Western Australia Heritage Register
- Type: State Registered Place
- Designated: 26 June 2002
- Reference no.: 8895

= Model Timber Home =

Heritage listed building in Western Australia

Model Timber Home is the name, for heritage-listing purposes, of a timber-framed house in Floreat, Western Australia. Designed by Reginald Summerhayes, the plans won a competition for the design of an ideal cheap modern timber-framed home. The house was subsequently built on donated land, using donated materials and labour in 1934.

==History==
In the 1930s, Western Australia's Royal Institute of Architects (RIA) established a Building Revival Campaign, aimed at stimulating the home building industry, which, like all industries, was suffering the effects of the Great Depression. The campaign held a competition for the best design of a modern timber house costing less than £A 600, equivalent to in , and similarly for a brick house. The winner of the timber house section was the Californian Bungalow style design of Reginald Summerhayes, from which Model Timber Home would be built.

Following the competition, the campaign sought donations of land, materials and labour, so that houses might be constructed from the winning designs. A number of offers of land were made, and RIA accepted an offer of two blocks in the first subdivision of the new suburb of Floreat Park (now Floreat). Model Timber Home was built on one of these blocks in 1934.

==Style and condition==
It is a jarrah weatherboard home built in the interwar Californian Bungalow style, with influences of Australian Georgian revival style. It remained in original ownership until recently, and retains many of the original features, including fittings and furnishings. The authenticity extends to the garden, which contains the original fences, gates, pergola, paving, paths and plants.

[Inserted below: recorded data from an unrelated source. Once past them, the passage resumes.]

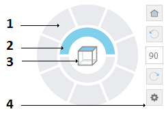 - The Outer Ring provides a set of eight sectors for quickly switch between standard and isometric views of your model. Each sector of the Outer Ring corresponds to a view. When you click on a sector, the software moves the scene to the corresponding view.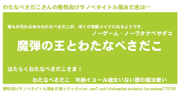 | 女子向けラノベタイトル風あだ名 | 『乙女ゲームの破滅フラグしかない悪役わたなべさだこに転生してしまった…』 |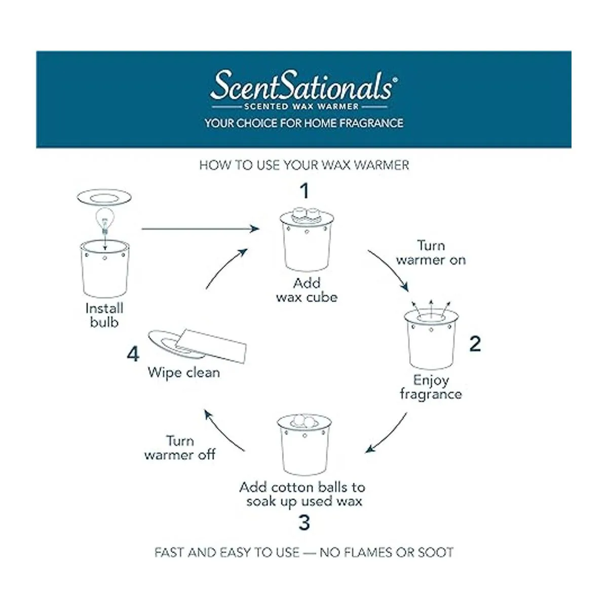 Increíbles fragancias: ScentSationals es el líder en calentadores de cera y cera derretida. Elige entre cientos de aromas diferentes de ceras para usar con tu nuevo quemador de cera. Las familias de fragancias de cera perfumadas de ScentSationals incluyen: fresca, floral, madera, fruta, panadería y especias. Los cubos de cera se venden por separado
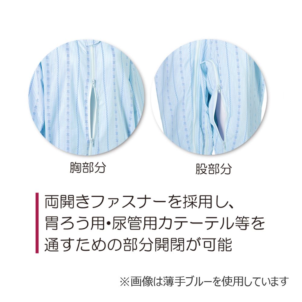 ●胃ろう・尿管用カテーテル等を付けたままでも介護のしやすい両開きファスナータイプです。●胸元から右足首へのフルオープンファスナーと股部分のファスナーにより、着脱が容易です。●背中に縫い目がないので、違和感なく着用いただけます。●床ずれの原因となる肌への刺激が軽減されます。●男女兼用●仕様:スリーシーズン●色:グリーン●サイズ:LL●素材:ポリエステル65%・綿35%●洗濯方法:洗濯可(弱・40℃)/脱水可/乾燥機可(家庭用のみ)●※洗濯時には必ず面ファスナー・ファスナー・ホックを閉じてください。●※ソフトケア(R)ねまきは、おむつ・おむつカバーを使用して着用することを想定しています。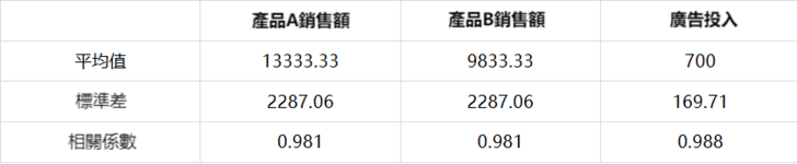 3.計算產品A銷售額和廣告投入、產品B銷售額和廣告投入之間的皮爾森積動差相關係數。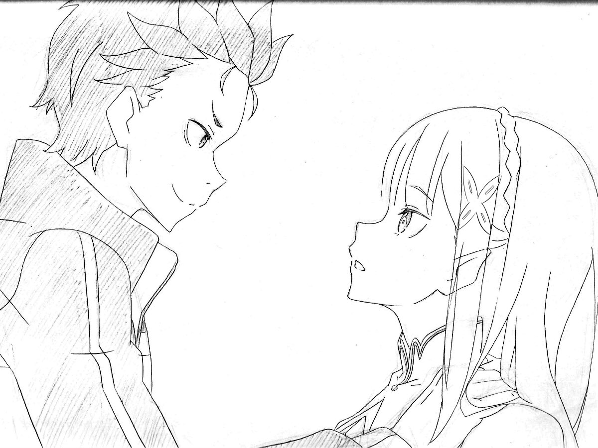 過去のらくがき⑥ 「好きだよ、エミリア」 #リゼロ #イラスト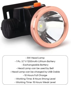 Impex 3w head lamp 1200 mah lithium battery exchangeable battery head lamp can be used by belt head lamp can be charged by USB cable, It takes 10 hours to full charge and its working time is 8 hours in strong level and 15 hours in weak level.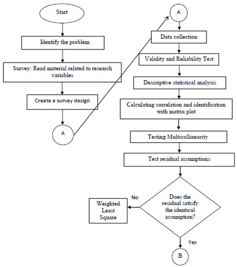 This research is quantitative, using multiple linear regression analysis methods. The stages in multiple linear regression analysis are: (1) testing the relationship between variables using a matrix plot and product-moment Pearson correlation test, (2) testing multicollinearity to see the relationship between predictor variables, (3) testing residual assumptions (identical, independent, and normal distribution), and (4) estimating the parameters and the significance of the parameters. Before conducting multiple linear regression analysis tests, it is necessary to test their validity and reliability first, because the data used in the study uses a Likert scale. In short, the research stages used can be seen in the following flow chart. Look at Figure 4 and Figure 5 to understand the procedure of this research.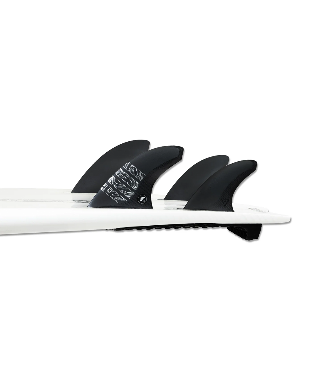 The Alpha line is constructed with recycled fishing combined with our C6 air-infused carbon. The 5-fin set is designed to be ridden as either a Thruster or Quad set-up, packaged together for more versatility throughout your quiver.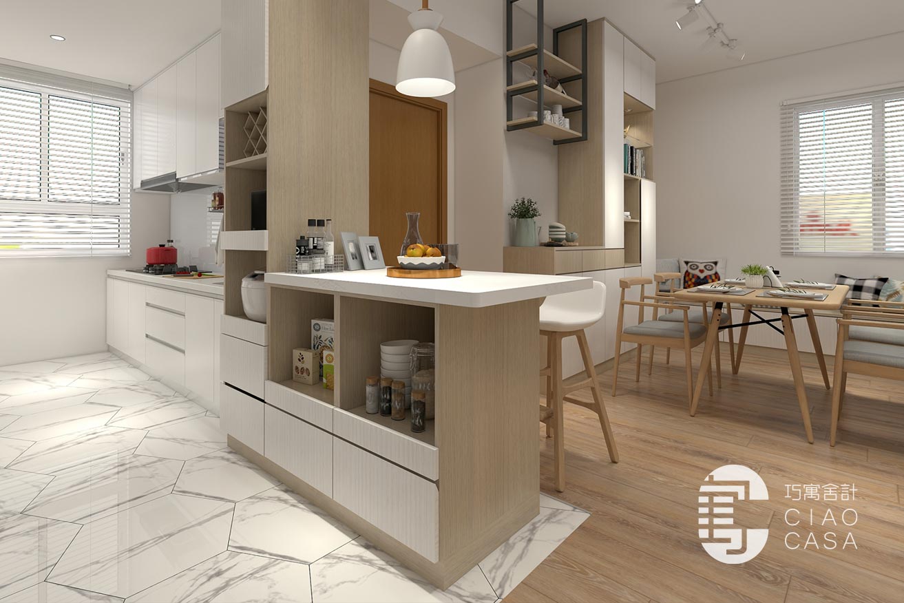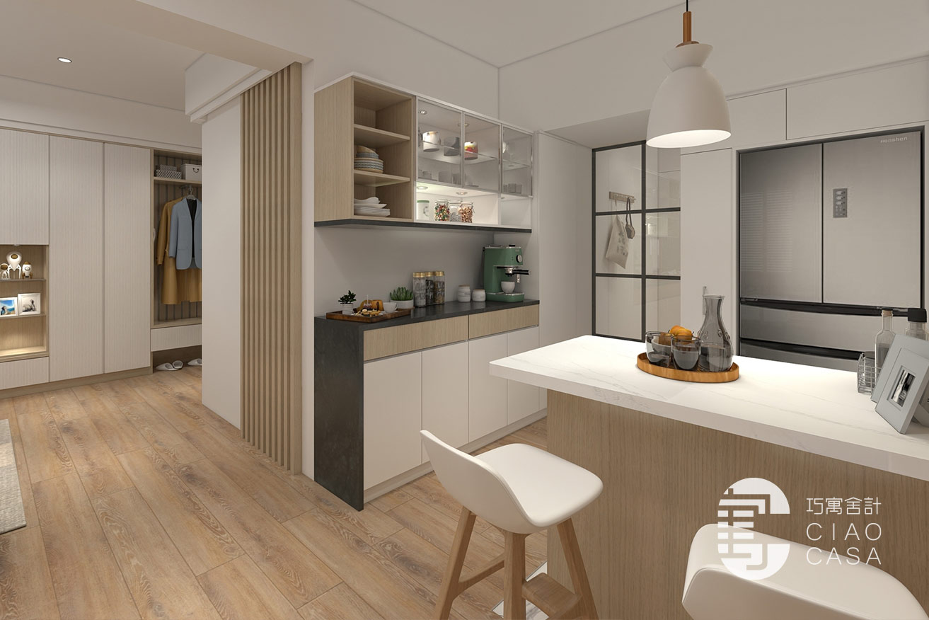 特殊塗料、系統櫃、木地板、鐵件、木作工程、木皮、人造石檯面、長虹玻璃、鋁框拉門、進口燈具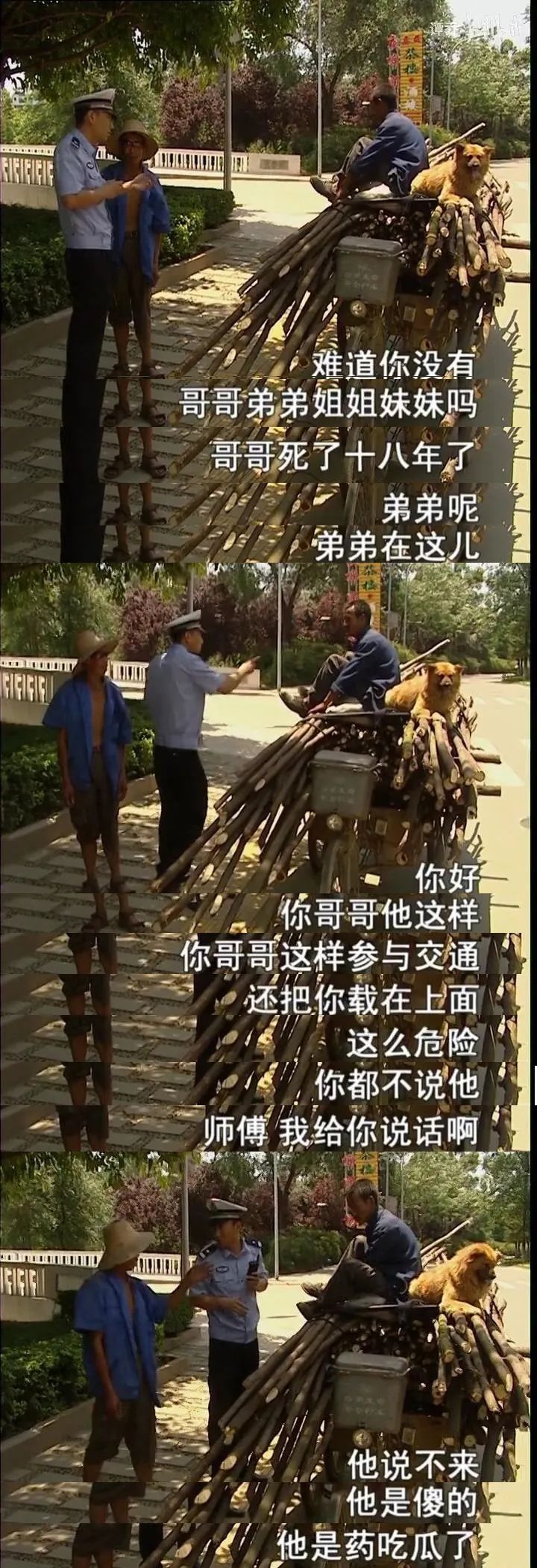 谭警官听到后,有些难以置信。大爷说,在车上坐着的是他弟弟。谭警官向让弟弟劝说一下哥哥,但是面对谭警官的询问,车上的弟弟无动于衷,四处环顾着并未答应。大爷这才告诉谭警官:“他说不来,他是傻的。他是药吃瓜了,他讲不来的。”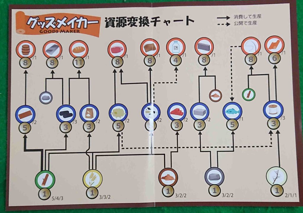プレイヤーは手番で、「生産」と「売買」を行います。「生産」は資源を使用して新たな資源や建物を作っていきます。「売買」は同じ価値の資源同士を交換していきます。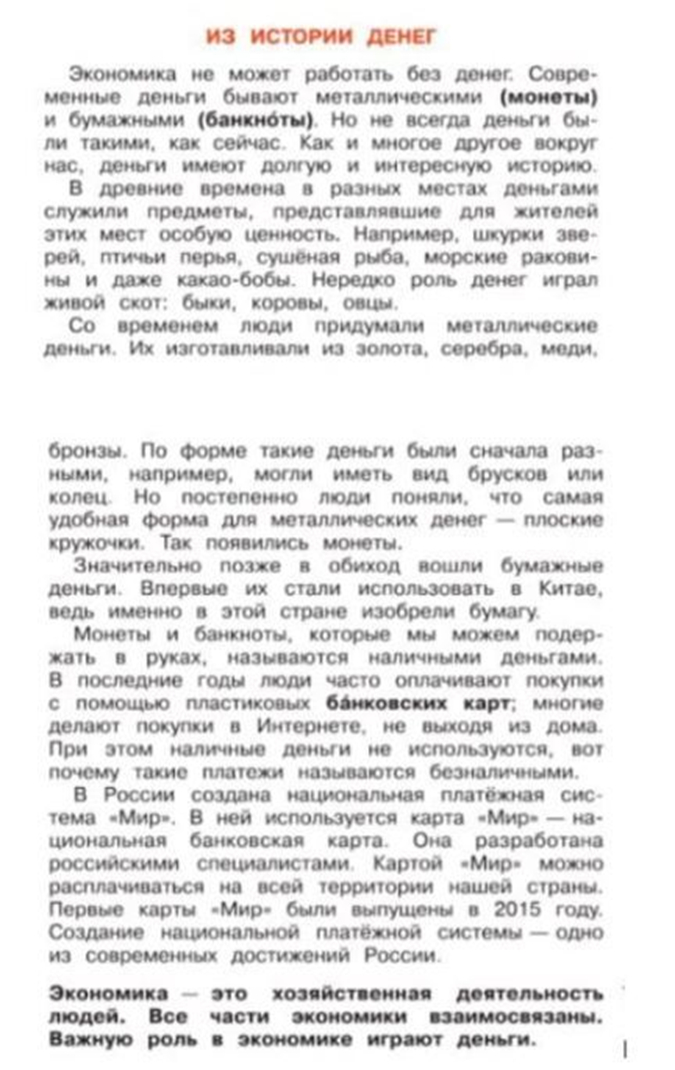 Есть у наших детишек замечательный предмет - "Окружающий мир". Наш класс обучается по учебнику А.А. Плешакова. Время от времени по итогам раздела проводятся проверочные работы в виде тестов. При подготовке к ним, я обычно прохожусь с дочерью по разделу учебника для того, чтобы освежить ее знания. И вот наступает момент, когда детки доходят до раздела "Что такое экономика". Вроде ничего сложного - прогоняем все как обычно. По пути немного углубляемся в вопрос древних денег - показываю дочке изображения того, как выглядели деньги раньше, еще чуток глубже рассказываю про безналичные платежи. Вижу, что понимание есть и спокойно завершаю процесс.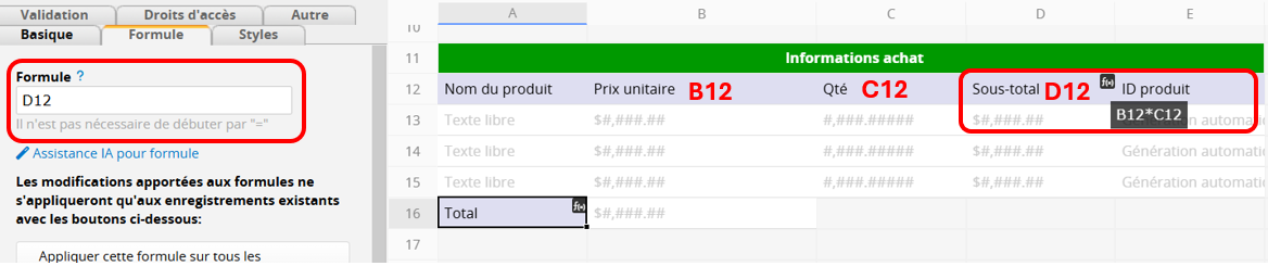 Attribuer des formules aux En-têtes de champs simplifie les calculs, surtout dans les sous-tables, où des formules complexes sont souvent inutiles. Voici un exemple de calculs dans la feuille "Commande client" : dans la sous-table, le Prix unitaire (B12) et la Quantité (C12) de chaque article sont listés. Multiplier ces valeurs fournit le montant (D12=B12*C12) dû pour chaque article. Ensuite, le sous-total dans le champ Total (A17) référence le montant total (D12) de la sous-table.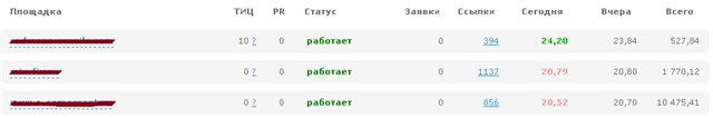 • Прибыль в сапе около 130-140 рублей в сутки. (работа над оптимизацией цен не велась месяц). Реально приносящие прибыль сайты – около 6-7 штук. Из бана выводить можно, 2 сайта были выведены лично мной.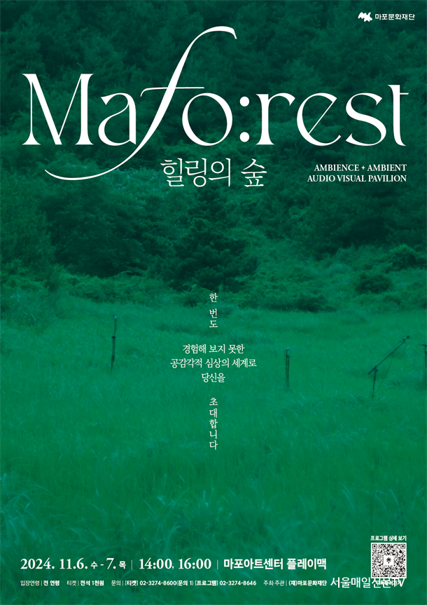 ±è¼­Áß ±âÀÚ / ¸¶Æ÷¹®È­Àç´Ü(´ëÇ¥ÀÌ»ç ¼ÛÁ¦¿ë)Àº ¿À´Â 11¿ù 6Àϰú 7ÀÏ, ¸¶Æ÷¾ÆÆ®¼¾ÅÍ Ç÷¹À̸ƿ¡¼­ µµ½É ¼Ó ¿ÂÀüÇÑ ÈÞ½ÄÀ» ¼±»çÇÒ ÇÁ·Î±×·¥ Èú¸µÀÇ ½£>À» ¼±º¸ÀδÙ. 2022³â ½ÇÇèÀû °ø¿¬ <¾Úºñ¾ðÆ® ¹ÂÁ÷ Äܼ­Æ® ¡®±×´ë¿¡°Ô¡¯>¿¡¼­ óÀ½À¸·Î ½ÃµµÇß´ø ¾Úºñ¾ðÆ® À½¾ÇÀ» ¹ßÀü½ÃÄÑ °ü°´µé¿¡°Ô ÇÑÃþ ±í¾îÁø Èú¸µ °æÇèÀ» Á¦°øÇϰíÀÚ ±âȹµÈ ÇÁ·Î±×·¥ÀÌ´Ù. µµ½É ÇѰ¡¿îµ¥¼­ ÀÚ¿¬À» °æÇèÇÒ ¼ö ÀÖµµ·Ï ¼³°èµÈ »õ·Î¿î ÇüÅÂÀÇ °ø¿¬À¸·Î °íÈ­Áú ÀÚ¿¬ ¿µ»ó°ú ÀÔü À½Çâ, ±×¸®°í ¾Úºñ¾ðÆ® À½¾ÇÀÌ ¾î¿ì·¯Á® µµ½ÃÀÇ ¼ÒÀ½°ú È¥ÀâÇÔ¿¡¼­ ¹þ¾î³ª ÀÚ¿¬ÀÇ ¼Ò¸®¸¦ ÅëÇØ Á¤¼­Àû ¾ÈÁ¤À» ã°íÀÚ ÇÏ´Â Çö´ëÀÎÀ» À§ÇÑ µµÆÄ¹Î µðÅ彺¸¦ °æÇèÇÒ ¼ö ÀÖ´Â ½°ÀÇ Àå¼Ò¸¦ Á¦°øÇÒ ¿¹Á¤ÀÌ´Ù.

The only loss of authenticity arises from a small extension that was added in the 1970s, which resulted in the loss of one of the original bedrooms.

==Heritage significance==
The building is significant as one of a small number of architect-designed buildings of the time; as an excellent example of interwar Californian Bungalow style architecture; and as one of the first houses built in Floreat. Also, since Floreat was one of the first Perth suburbs built according to the principles of the garden city movement, the entire streetscape has significance as one of the first in Perth to be subject to planning regulations controlling urban design criteria such as setback. Finally, the weatherboard construction is rare in Floreat, as restrictions were later put on its use in construction.